◆ **Problem requirements**
Below is a listing to transcribe in full and exactly; keep the pictures out.

◆ **Provided material**
--- START ---
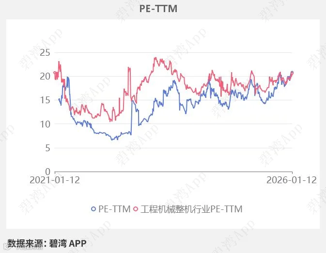 在2026年01月12日,徐工机械的PE-TTM是20.80,而工程机械整机行业的PE-TTM是20.60,徐工机械高于工程机械整机行业的PE-TTM。
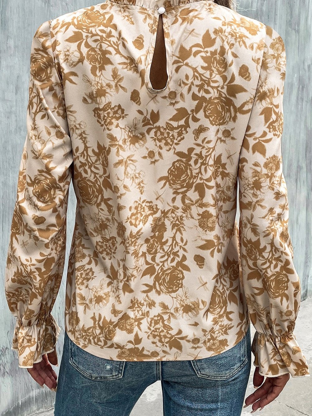 This simple floral blouse is suitable for all kinds of occasions. The contrast print design allows you to embrace the beauty of flowers. The frilled neckline and flounce sleeves effortlessly add a sweet touch. Pair it with straight-leg pants, jeans, or shorts for a chic outfit. Wholesale blouses for women keep bringing you new styles.
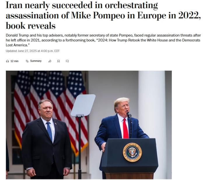 據(jù)報道,這本名為《2024:特朗普如何重新奪回白宮以及民主黨如何失去美國》的新書計劃在7月出版,其中披露了在2022年,伊朗幾乎成功地在歐洲一家酒店暗殺蓬佩奧。
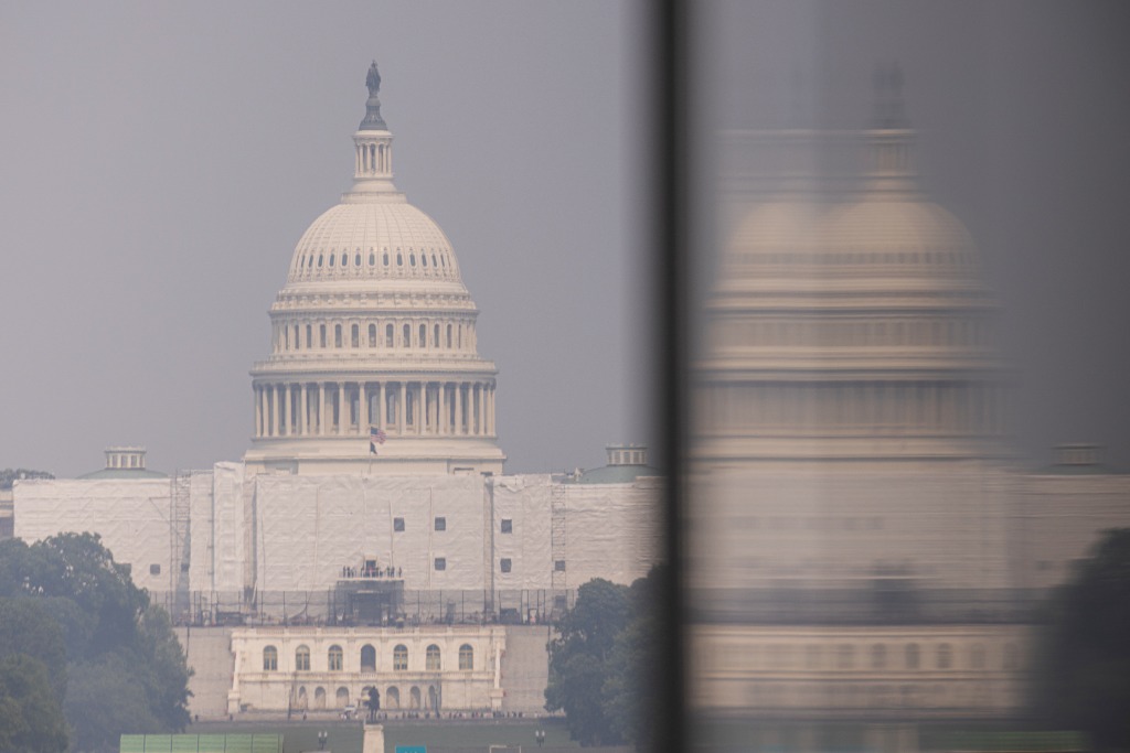 这是6月7日在美国首都华盛顿拍摄的烟尘笼罩的国会大厦。新华社发(亚伦摄)
--- END ---
◆ **Output for this task**
 在2026年01月12日,徐工机械的PE-TTM是20.80,而工程机械整机行业的PE-TTM是20.60,徐工机械高于工程机械整机行业的PE-TTM。
 This simple floral blouse is suitable for all kinds of occasions. The contrast print design allows you to embrace the beauty of flowers. The frilled neckline and flounce sleeves effortlessly add a sweet touch. Pair it with straight-leg pants, jeans, or shorts for a chic outfit. Wholesale blouses for women keep bringing you new styles.
 據(jù)報道,這本名為《2024:特朗普如何重新奪回白宮以及民主黨如何失去美國》的新書計劃在7月出版,其中披露了在2022年,伊朗幾乎成功地在歐洲一家酒店暗殺蓬佩奧。
 这是6月7日在美国首都华盛顿拍摄的烟尘笼罩的国会大厦。新华社发(亚伦摄)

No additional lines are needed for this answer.